### TRY IT
Begin at the line containing "Genießen Sie ein" and restate it and each line after it exactly, up to and including the last line below. Leave pictures out.

Collected data entries:

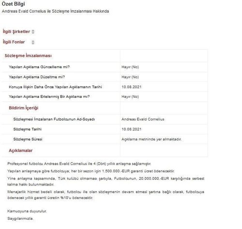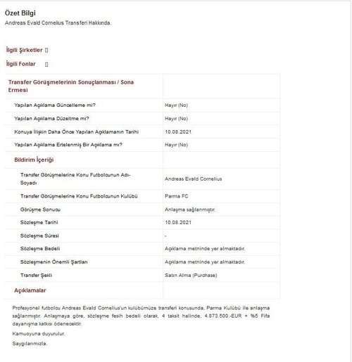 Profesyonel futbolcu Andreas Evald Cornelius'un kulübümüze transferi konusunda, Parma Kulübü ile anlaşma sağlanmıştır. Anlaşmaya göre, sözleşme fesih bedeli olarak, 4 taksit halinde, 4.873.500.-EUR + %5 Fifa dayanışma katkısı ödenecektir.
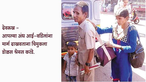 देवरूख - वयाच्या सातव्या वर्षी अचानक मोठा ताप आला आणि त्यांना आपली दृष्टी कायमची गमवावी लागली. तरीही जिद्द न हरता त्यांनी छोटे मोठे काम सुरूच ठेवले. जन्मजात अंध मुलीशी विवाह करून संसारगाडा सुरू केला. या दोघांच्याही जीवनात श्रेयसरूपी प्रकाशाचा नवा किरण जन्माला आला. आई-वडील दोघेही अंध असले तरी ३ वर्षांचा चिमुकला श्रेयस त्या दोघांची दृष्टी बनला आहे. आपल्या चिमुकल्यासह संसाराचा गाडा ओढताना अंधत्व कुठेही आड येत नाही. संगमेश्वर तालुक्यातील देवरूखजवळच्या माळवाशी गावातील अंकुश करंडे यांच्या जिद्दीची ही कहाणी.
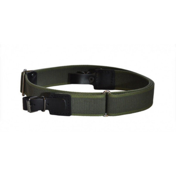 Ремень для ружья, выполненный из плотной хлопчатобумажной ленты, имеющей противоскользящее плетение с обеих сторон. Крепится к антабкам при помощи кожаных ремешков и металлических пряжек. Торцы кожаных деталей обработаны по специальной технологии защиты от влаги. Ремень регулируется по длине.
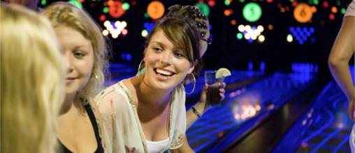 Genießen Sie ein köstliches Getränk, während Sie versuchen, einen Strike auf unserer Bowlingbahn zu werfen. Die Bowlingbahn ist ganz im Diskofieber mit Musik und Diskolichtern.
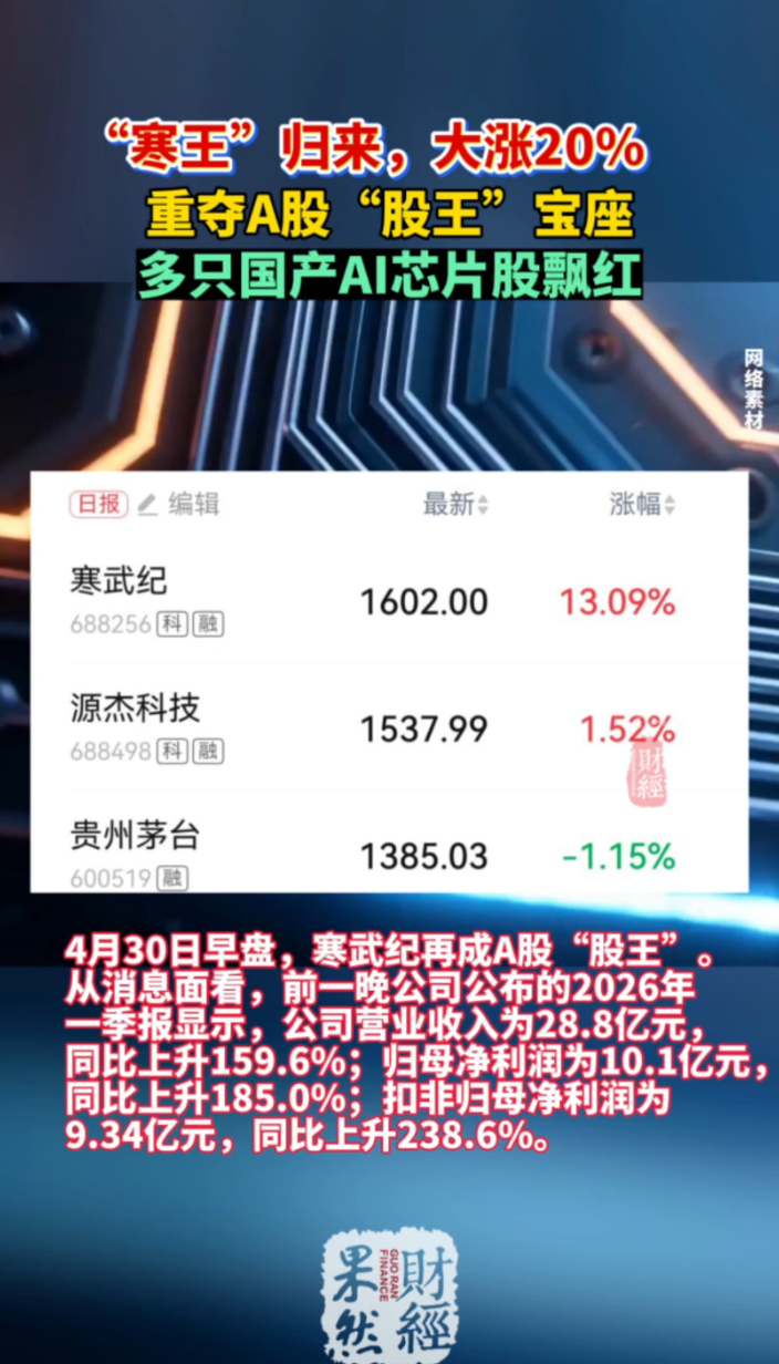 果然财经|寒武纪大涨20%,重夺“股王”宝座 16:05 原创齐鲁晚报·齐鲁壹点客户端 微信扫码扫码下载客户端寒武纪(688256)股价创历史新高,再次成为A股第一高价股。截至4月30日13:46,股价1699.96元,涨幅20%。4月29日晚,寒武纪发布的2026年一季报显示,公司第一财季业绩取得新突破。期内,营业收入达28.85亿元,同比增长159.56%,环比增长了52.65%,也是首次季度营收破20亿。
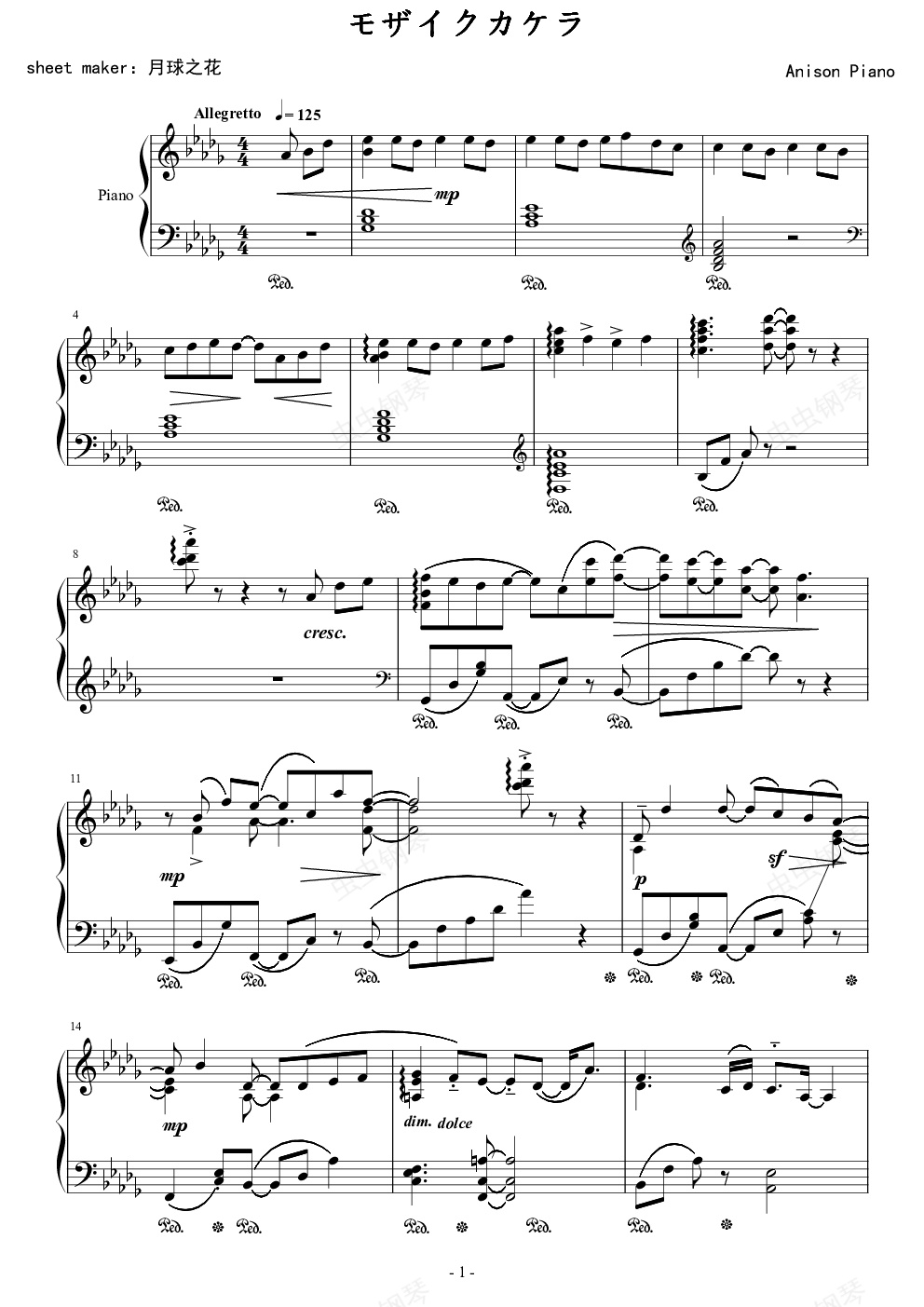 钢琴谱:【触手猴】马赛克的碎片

### RESULT OF THE EXERCISE
 Genießen Sie ein köstliches Getränk, während Sie versuchen, einen Strike auf unserer Bowlingbahn zu werfen. Die Bowlingbahn ist ganz im Diskofieber mit Musik und Diskolichtern.
 果然财经|寒武纪大涨20%,重夺“股王”宝座 16:05 原创齐鲁晚报·齐鲁壹点客户端 微信扫码扫码下载客户端寒武纪(688256)股价创历史新高,再次成为A股第一高价股。截至4月30日13:46,股价1699.96元,涨幅20%。4月29日晚,寒武纪发布的2026年一季报显示,公司第一财季业绩取得新突破。期内,营业收入达28.85亿元,同比增长159.56%,环比增长了52.65%,也是首次季度营收破20亿。
 钢琴谱:【触手猴】马赛克的碎片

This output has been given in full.